As of 2002, dental equipment manufacturer A-dec was the city's largest employer with 832 employees, and George Fox University was second with 400. The next largest employers were SP Newsprint Co., Suntron Corp., and Providence Newberg Medical Center. Upon opening in September 2009, the Allison Inn and Spa, a 77-room destination hotel, spa, and restaurant employs approximately 200 full-time workers. A Hazelden Betty Ford Foundation inpatient addiction treatment center is located in the city.
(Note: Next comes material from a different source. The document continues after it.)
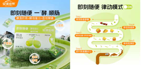 根據(jù)《2023國人“腸”煩惱及益生菌消費洞察報告》,87.6%的國人深受脹氣、便秘、消化不良、食欲不振等腸道問題困擾?;趯衲c道健康痛點的洞察,以酵母蛋白為核心成分,輔以專利原料荔枝元以及蘇州優(yōu)質荷葉、南陽決明子、云南元江庫拉索蘆薈這三味漢方草本精華,開發(fā)了即刻隨便爆漿軟糖。

==Museums and other points of interest==
- Ewing Young Historical Park
- Hoover-Minthorn House Museum

==Education==

Newberg is served by Newberg-Dundee Public Schools, a school district which has six elementary schools, two middle schools, and two high schools, Newberg High School and Catalyst Alternative High School. The city also has two private Christian schools (Veritas School and C. S. Lewis Academy). Newberg is home to George Fox University, and a campus of Portland Community College that opened in 2011.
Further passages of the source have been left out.